The current size of the archive pakon database looks pretty big:

root@turris:~# du -sh /srv/pakon/pakon-archive.db
490.9M  /srv/pakon/pakon-archive.db
root@turris:~# du -sh /tmp/lib/pakon.db 
1.2M    /tmp/lib/pakon.db
root@turris:~# 

Hope this helps!


#16

Thanks for the report!

This looks like the archivation takes too long when the database grows too much. I’m just looking into it and thinking how to improve it, hopefully I’ll find a solution and we will release it soon.


#17

If you still haven’t deleted the database, could you please try sqlite3 /srv/pakon/pakon-archive.db "select details,count(*) from traffic group by details". I’m just wondering how many records are in the database…


#18

Yeah, sure, it is pretty big.

root@turris:~# sqlite3 /srv/pakon/pakon-archive.db "select details,count(*) from traffic group by details"
0|4309608
1|1411
3|410
root@turris:~# 

And by the way, here’s the number of records from a copy of /tmp/lib/pakon.db done after the disk full.

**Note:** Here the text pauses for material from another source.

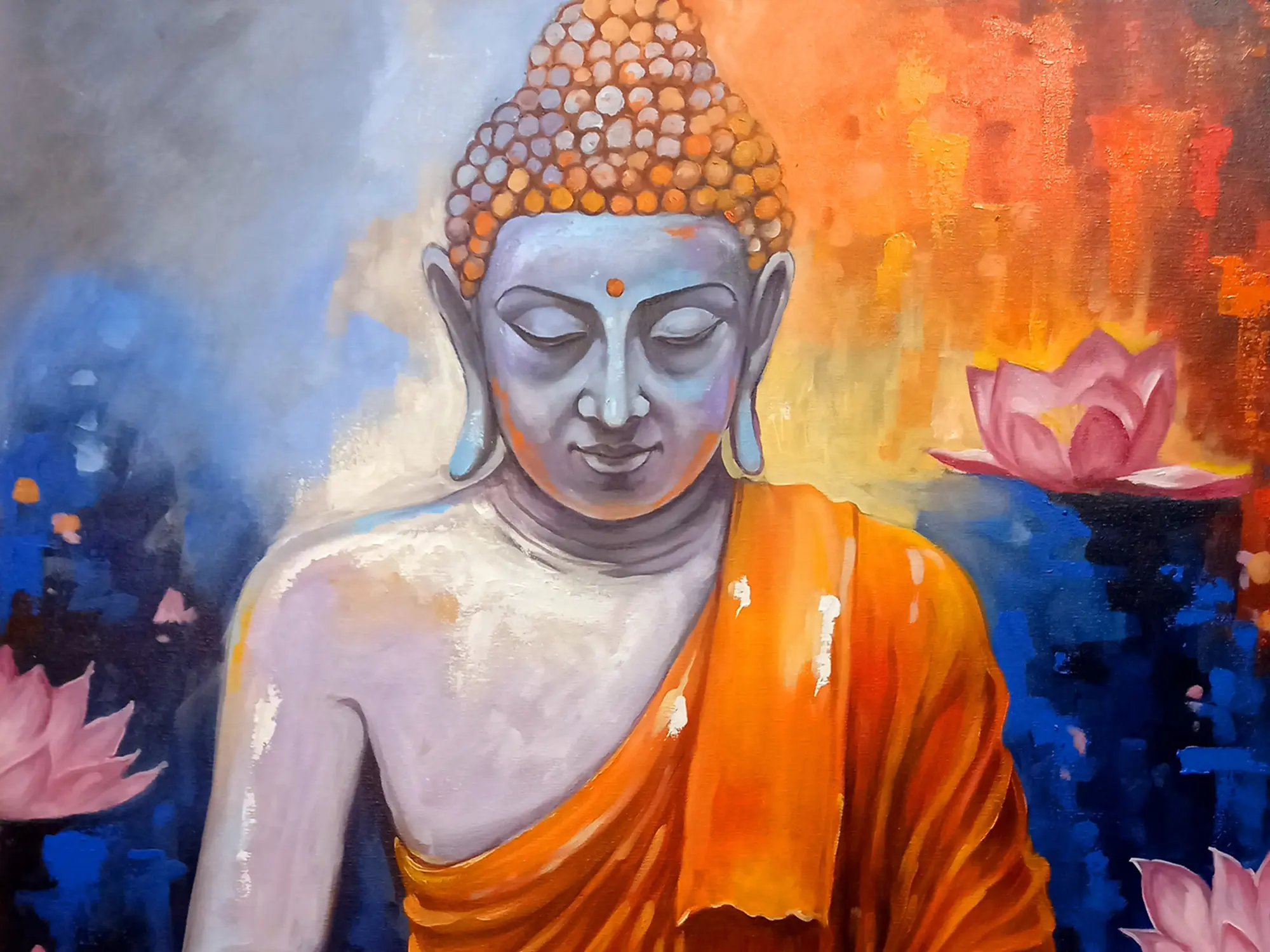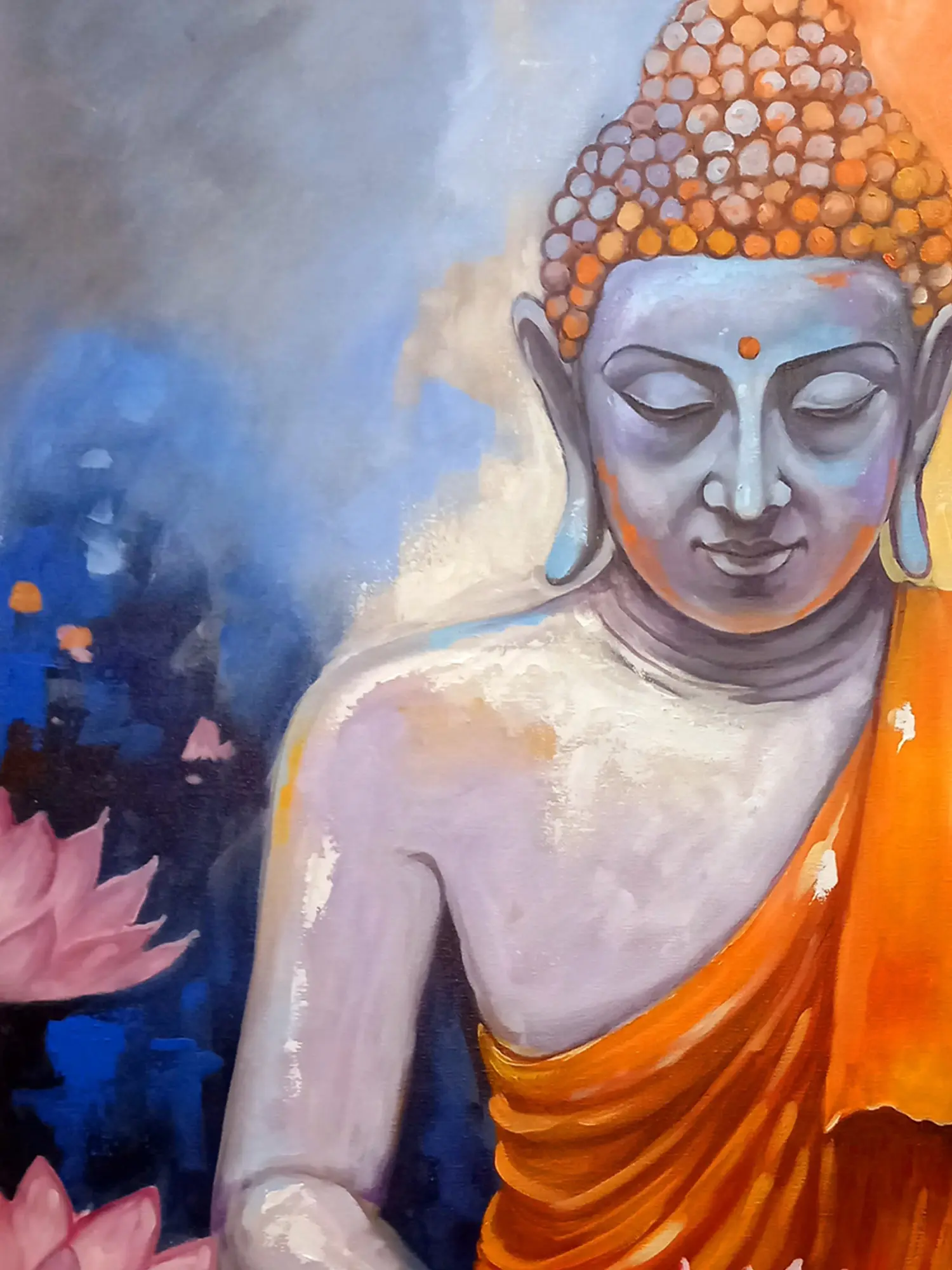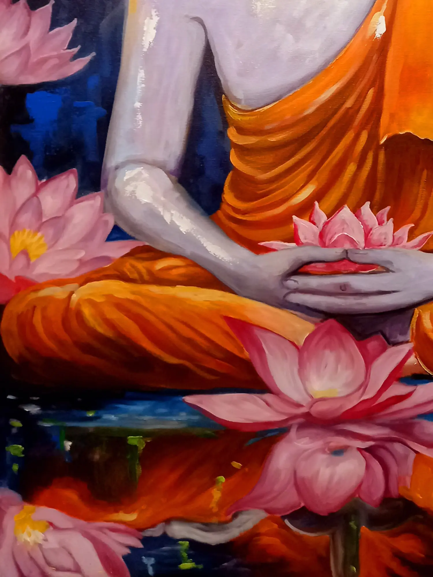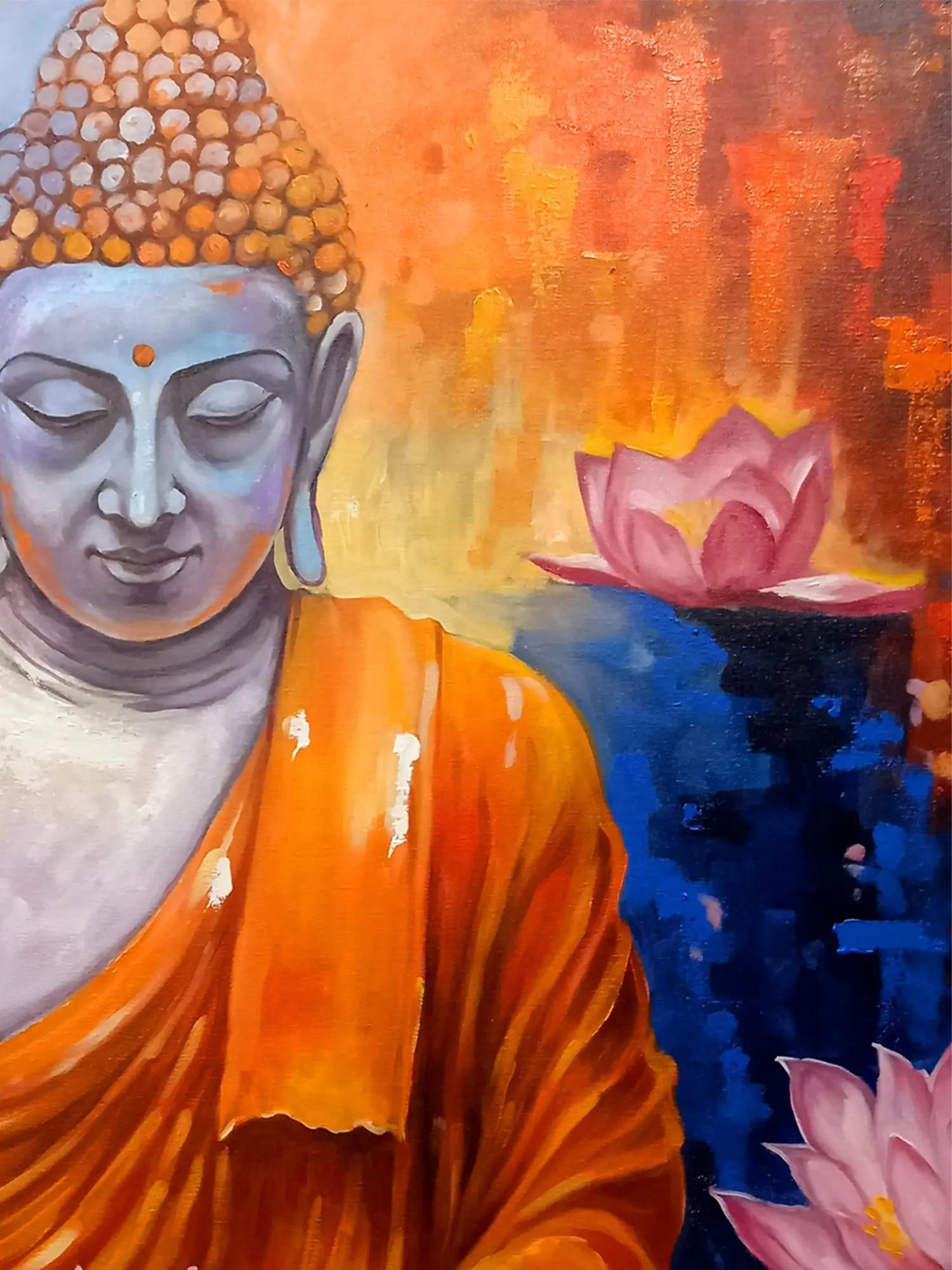 The composition is a symphony of color and form, with the figure of the Buddha rendered in subtle blues and whites, exuding an ethereal glow. The surrounding lotus blossoms, in shades of soft pink, symbolize purity and spiritual awakening, their reflections shimmering on the water's surface. The dynamic interplay of warm oranges and cool blues in the background creates a captivating visual dialogue, drawing the viewer into the scene’s meditative atmosphere. Its generous scale, measuring 36 inches in width and 48 inches in height, ensures it commands attention.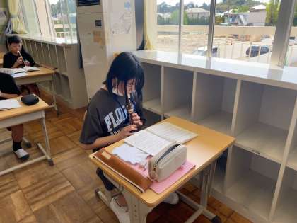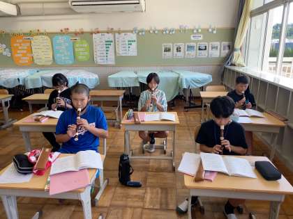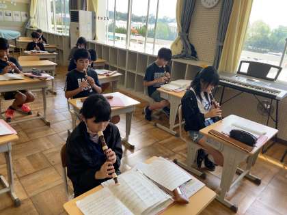 授業のはじめに毎時間リコーダーの練習をしています。徐々に上達していることがよく分かります。

root@turris:~# sqlite3 /srv/pakon/pakon.db "select count(*) from traffic;"
8553273

#19

Please how can I reset/delete all Pakon history and Device detection remembered devices? I tried delete whole pakon folder (/srv/pakon/) and then reboot the router but it still remembers all the history data.


#20

same problem here, /tmp/lib/pakon.db is filling up /tmp, crashing foris… Is there a way to disable this ?

pakon.db is mostfly filled with connections to hubic or amazon s3 from my synology. I don’t know why it’s doing so much noises.